The stuff you listed is almost exactly what I carry every day, except for the jeans (which I leave in my office). If you don't think the Barley would be big enough, get a Pendle or one of the other larger Carradice bags. The Pendle has 50% more volume than the Barley, if I remember correctly. Some of their other bags are twice as large and more. 

I would caution someone not to get much more volume than you need, however. There could be a tendency to overpack and carry too much gear if you have larger bags. I used to backpack a lot and learn to pack light. There have been very few occasions when my Barley did not have enough room for my needs -- mainly when I have to take something unusual to work, like food for a potluck lunch.

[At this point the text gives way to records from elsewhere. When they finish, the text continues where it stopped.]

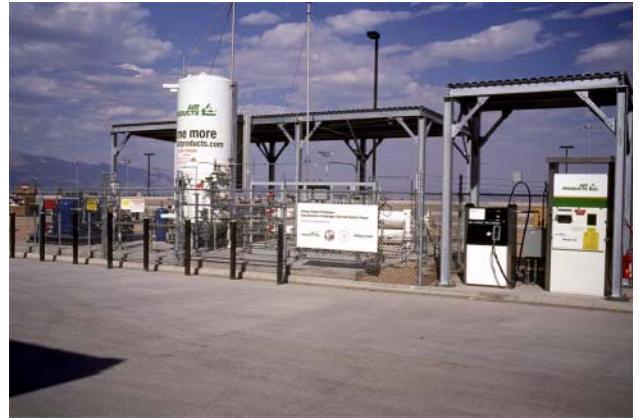
Figure 3. View of the Fuel Station

Economic analysis of the technology was also performed during this period. Based on the economic assumptions provided by the DOE HFCIT Multi-Year Program Plan and the Las Vegas site specific Hydrogen Generator characteristics (lower hydrogen production capacity [150 kg/day, 75 Nm 3 /hr], lower production number of units [1 unit], and more conservative capital factor [10 yr term, 10% DCF]), the test results confirm the ability to meet the $5/kg (GGE) 2003 target for the cost of hydrogen. Further economic analysis was performed to evaluate the integrated co-generation cost of hydrogen and power, with appropriate scaling to economic factors applicable to moderate levels of technology adoption. The analysis was scaled based on higher production capability (400 Nm 3 /hr) and better economies of scale for larger production volume (100 units). The results of this analysis indicate that the technology is capable of achieving an integrated co-generation cost of hydrogen of less than $3.60/kg (GGE) and $0.08/kWh cost of power.
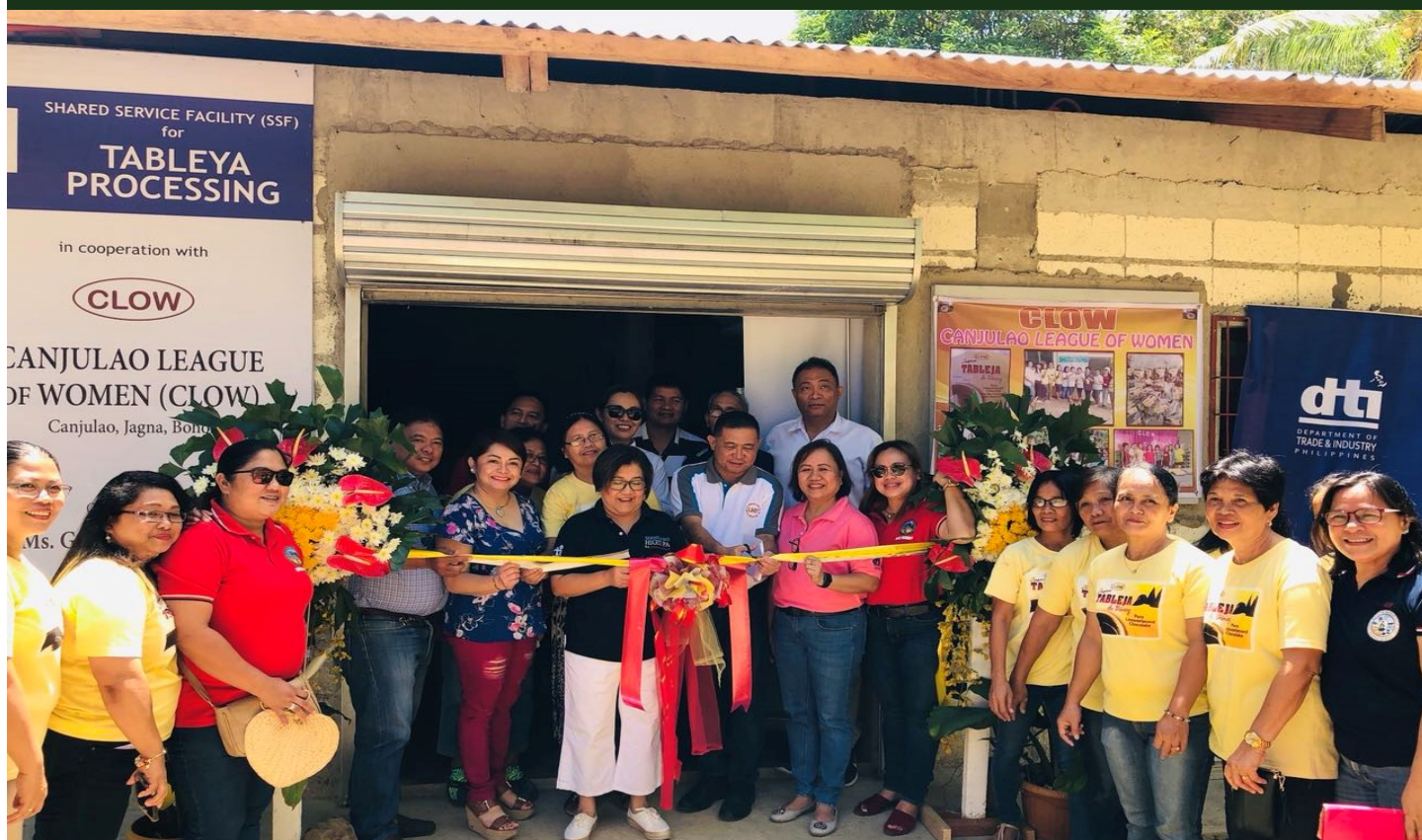
(Photos above and below) Launching of the SSF for Tableya Making Cooperator: Canjulao League of Women (CLOW) in Jagna, Bohol
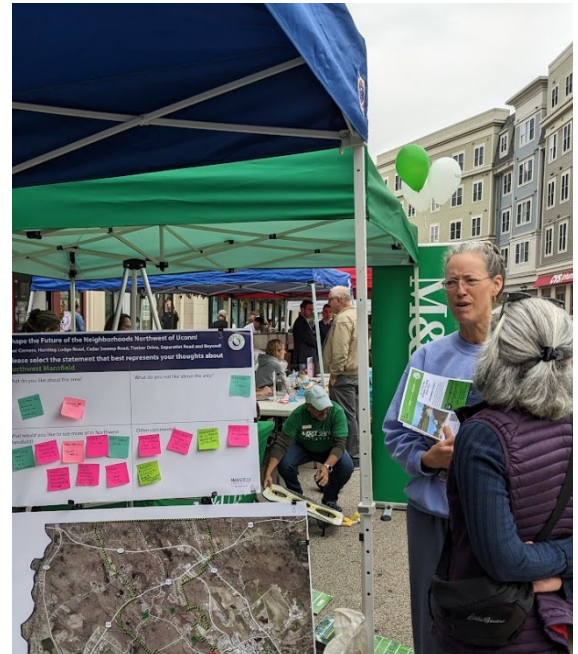
Participants providing comments during Celebrate Mansfield Day
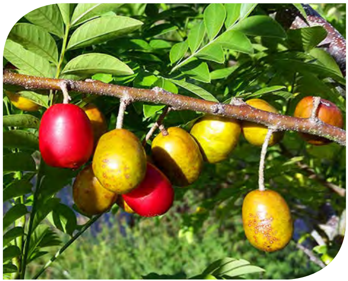
2c - Spondias purpurea (purple mombin, jocote), leaves and branch with ripening fruit.

2b - Spondias dulcis (ambarella, June plum, golden apple) ripe fruit.
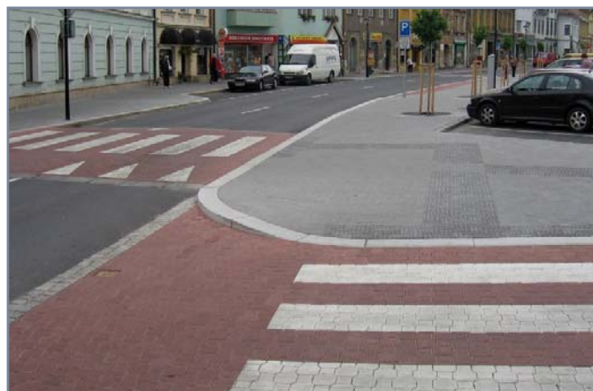
A photograph showing one of parts of award-winning project by the Healthy City of Šternberk called “City Centre Regeneration and Revitalisation” for which the city also received a financial bonus of 80 thousand CZK. The second place was taken by the Healthy City of Hodonín, the third by the Healthy City of Strakonice, the Healthy City of Poděbrady also won through to the top ten.

An overview of other present and past events can be found at the website www.udrzitelna-doprava.cz .
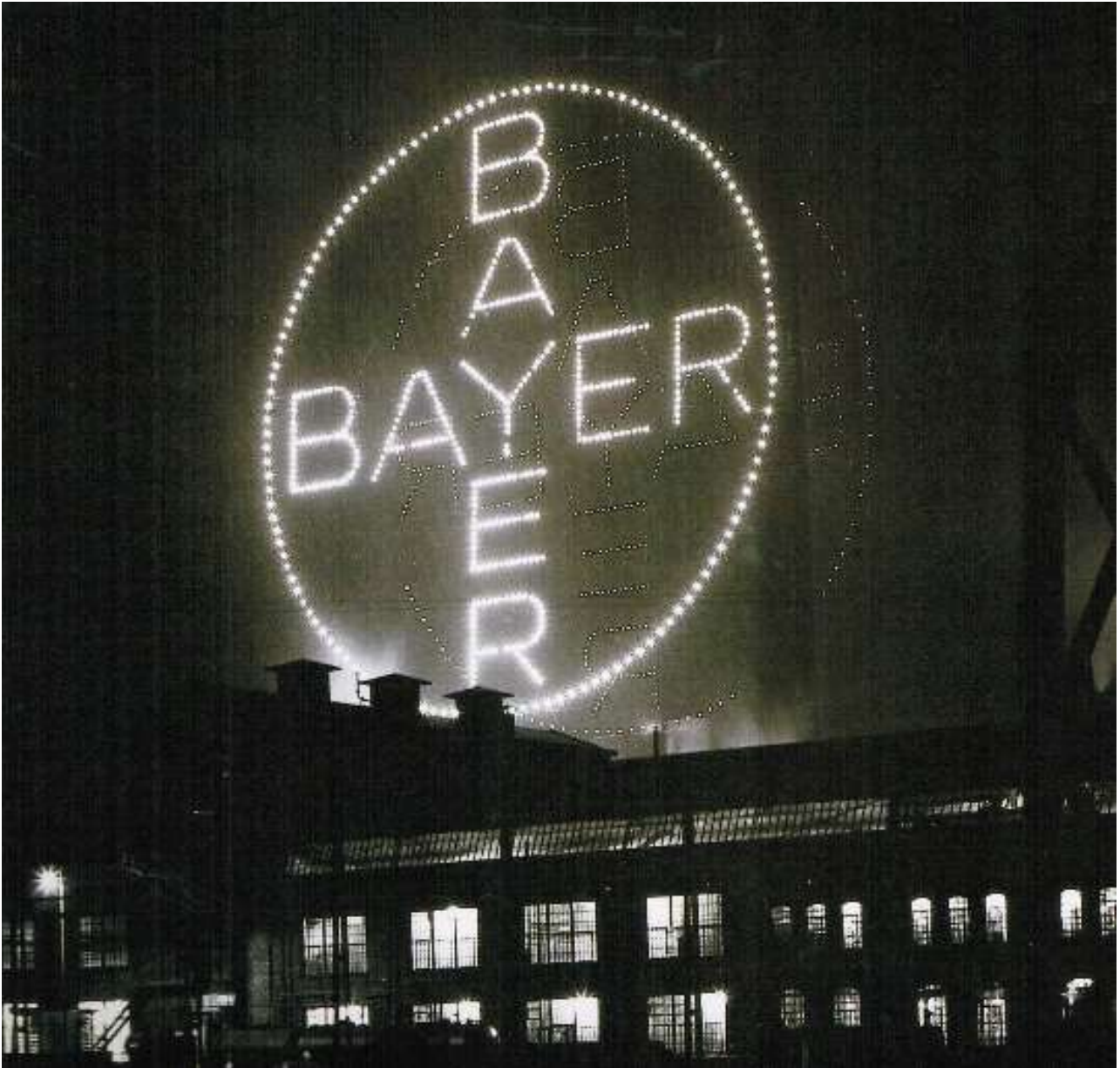
Lichtwerbung Bayer-Kreuz in Leverkusen
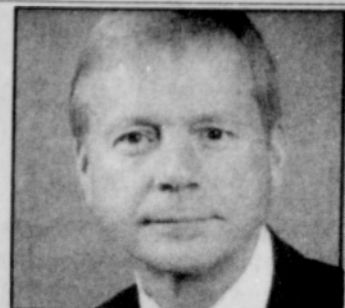
See page A7.
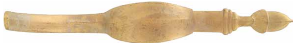
Triggerguard, wax cast brass or steel .....#TG-P1-B or I A flint pistol triggerguard with acorn front finial, a popular English motif. #TG-P1-B triggerguard, wax cast brass only $33.99 #TG-P1-I triggerguard, wax cast steel only $18.99
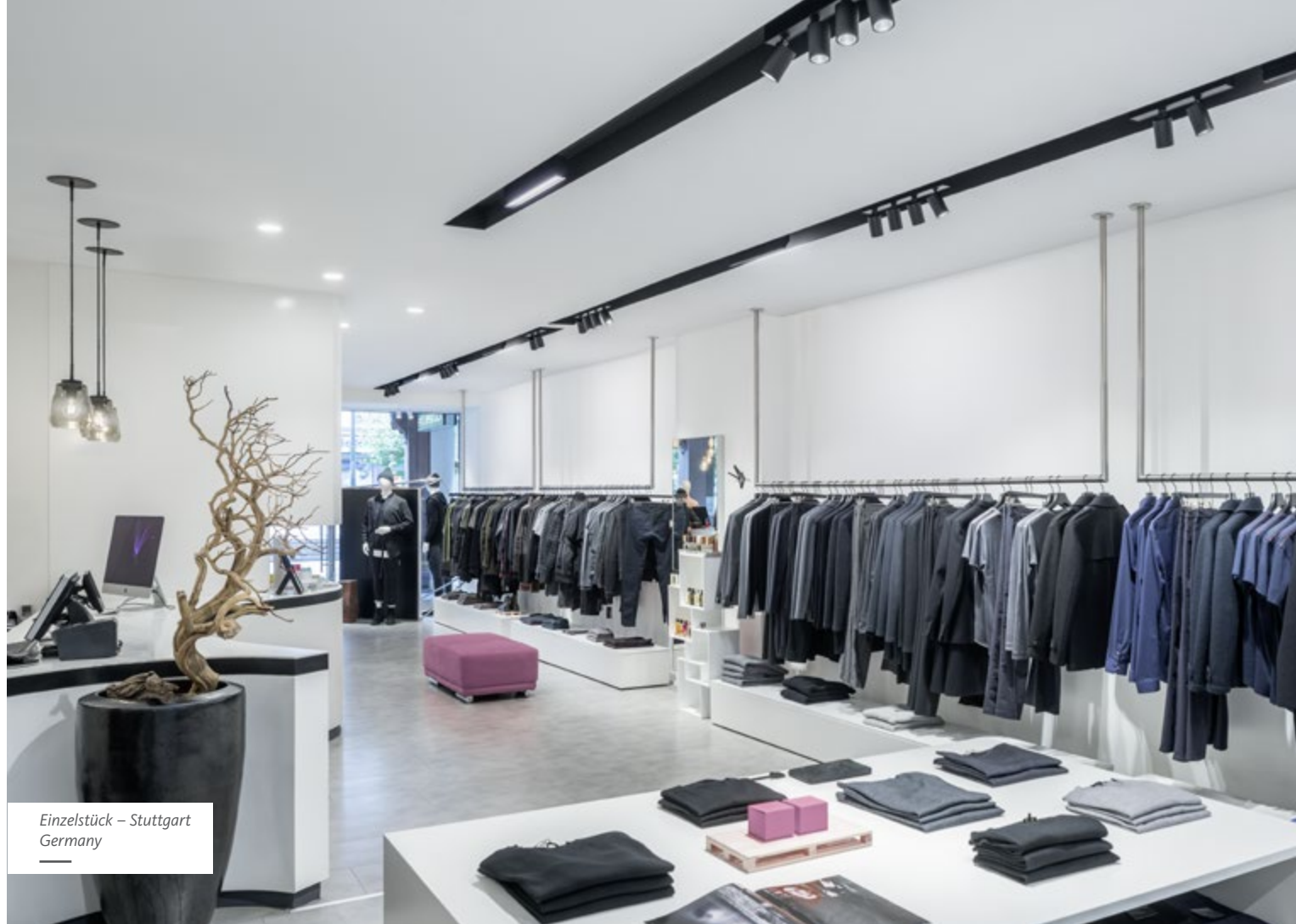
Einzelstück – Stuttgart Germany
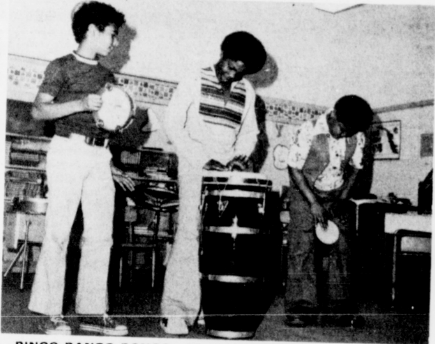
BINGO BANGO BONGO - Rhythms on the bongo drums are included in the music program for summer group singing and dramatics also will be on the agenda.

The newest look in summer excitement is fashioned for the youth of Portland's urban community, and can be seen beginning June 23, at the King Neighborhood Facility, 4815 N.E. 7th Avenue, where staging is by Urban 4-H Center.
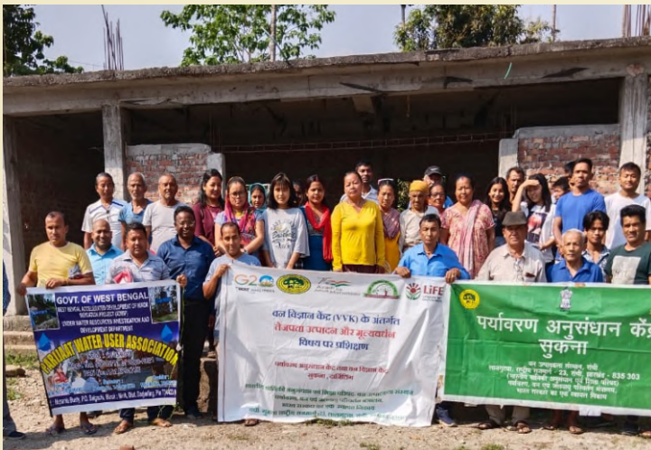
ICFRE-IFP, Ranchi's research station ERS and VVK, Sukna, Darjeeling organized a training programme on Production of Cinnamomum tamala and its value addition
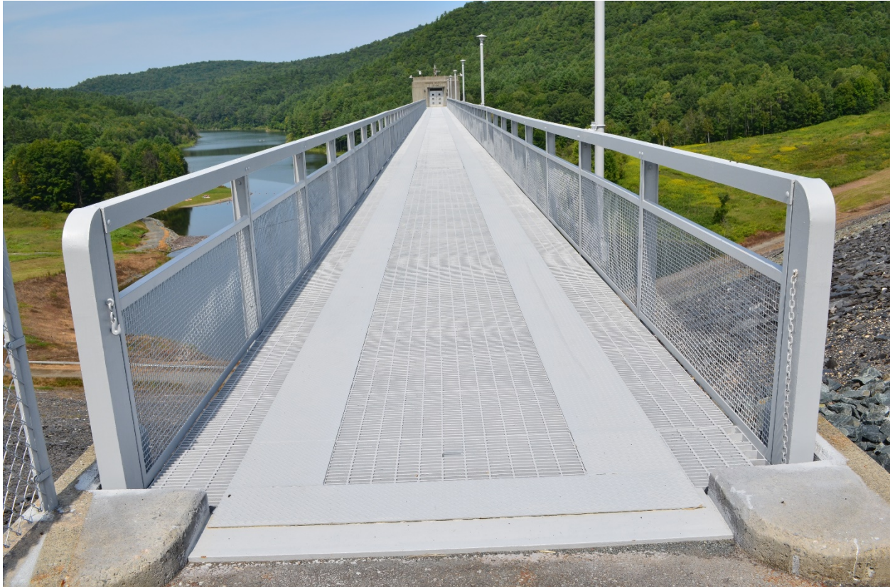
Informational Photo 5: Access to gatehouse via 5 ton limit bridge
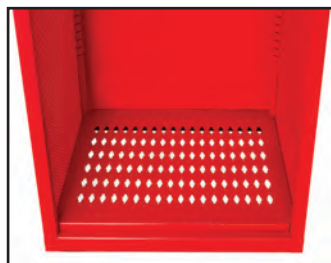
Baseless models have ventilated bottom shelf and can sit on floor or hang from wall
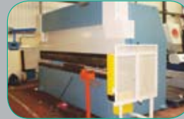
KINGSLAND EURO MASTER 200 ton x 4300 mm, 3750 mm between side frame CNC Press Brake with 3 axis BC40 Control (x, y1, y2) C/w tooling. £24500

STARTRITE VOLANT 14 Vertical Bandsaw, Table 480 x 480 mm, C/w Blade welder. £1450
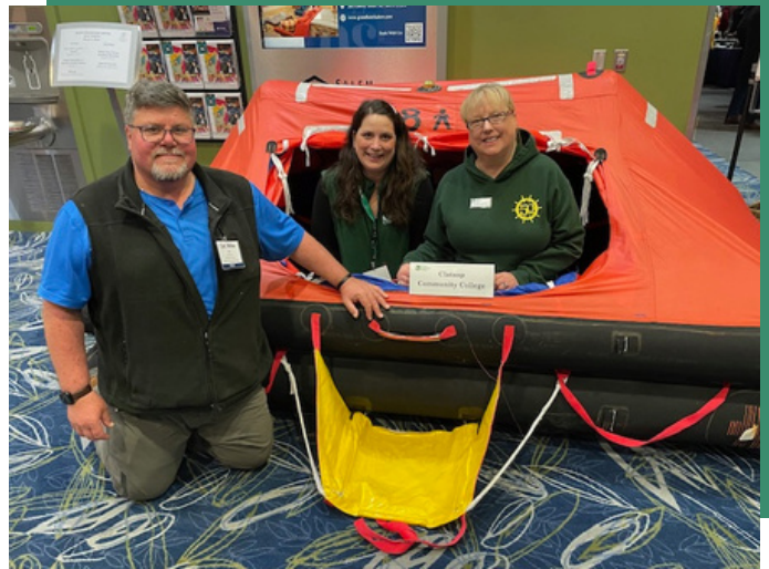
Members of Clatsop Community College's maritime science program show off a raft at the CTE Showcase

On March 5, attendees gathered at the Salem Convention Center for sessions featuring legislators, policy experts, and student leaders. Topics included legislative priorities, advocacy strategies, and the impact of state policy on Oregon's community colleges. The day concluded with a reception and Career & Technical Education (CTE) showcase, featuring wine from Chemeketa and Umpqua's viticulture programs and hors d'oeuvres prepared by Southwestern Oregon's culinary students. All 17 colleges had programs represented at the event, with demonstrations and equipment

Also, the Carradice bags work better when full. If not full, they tend to sag and lose shape. So I always carry some clothes to work whether I need them or not on that day. Thus I usually have a small stockpile of shirts, tees, etc. The hardest things to pack are towels and jeans because they take up a lot of volume, so I tend to bring them to work on days that I drive. However, I can fit jeans or towels in the Barley, but do not have room for lunch on those days.

Another thing that helps is that I leave certain clothes in my office all the time, namely shoes, slacks, towel, belt, bath supplies. No point carrying that stuff back and forth every day unless you are a clean freak and want a fresh towel every day.

BTW, check out Acorn bags if you are interested in the Barley. It is essentially the same size and design. If you get a Carradice bag, you can get much better prices and selection by ordering from England. I got mine from SJS Cycles in Britain because all of the US dealers were out of stock at the time. Even with shipping costs and the lousy exchange rate for the dollar, it was about $20 less than US dealers. Also get the Bagman rack, which keeps the bags from swaying and hitting your legs.


----------



## DrRoebuck (May 10, 2004)

rcnute said:


> Show us your handlebar bags too.


I'm a total bag wh0re, especially when it comes to Carradice. I've got the Barley and the Bike Bureau and the Shopper.

But this is my recent favorite:










Great for riding with a DSLR, because I can stop and whip it out without getting off the bike (not c()De). I built a little four-legged, padded shelf that goes inside. My toolbag goes under the shelf, and the camera sits on top of it. Keep meaning to post pics of the contraption ...


----------



## rcnute (Dec 21, 2004)

tribune said:


> Cool setups. I am digging the versatility of the topeak and the elegance of the Carradice bags.
> 
> It looks like the majority is using rear racks? I wonder, where is the front rack and handlebar bag crowd?


I'll take a photo of my Berthoud/Mark's Rack once my decaleur gets here.


----------



## MB1 (Jan 27, 2004)

3,000 words.......

I could go on.


----------



## brianmcg (Oct 12, 2002)

Here is a pic of my Frost River bag on my Trucker

View attachment 143362


----------



## FatTireFred (Jan 31, 2005)

brianmcg said:


> Here is a pic of my Frost River bag on my Trucker
> 
> View attachment 143362




is frost river still around? or is just their website kaput? they had been unloading stuff on ebay but no more


----------



## rcnute (Dec 21, 2004)

FatTireFred said:


> is frost river still around? or is just their website kaput? they had been unloading stuff on ebay but no more


Don't recall the source but read they're closing down and issuing refunds for undelivered product.


----------



## brianmcg (Oct 12, 2002)

FatTireFred said:


> is frost river still around? or is just their website kaput? they had been unloading stuff on ebay but no more


Here is one for sale:
http://cgi.ebay.com/Frost-River-Gunflint-Trail-Large-Canvas-Bicycle-Bag_W0QQitemZ280274868813QQihZ018QQcategoryZ62131QQssPageNameZWDVWQQrdZ1QQcmdZViewItem

I wish I had known they were selling stuff on ebay. I would have loaded up.


----------



## oarsman (Nov 6, 2005)

*Berthoud Bags*

on Nitto Racks, is my usual. The first shows the full panniers and handlebar bag. The second a rack top bag and the third a garment bag/rear pannier. That one is not Berthoud.


----------



## rcnute (Dec 21, 2004)

Berthoud bag, decaleur, Mark's Rack.


----------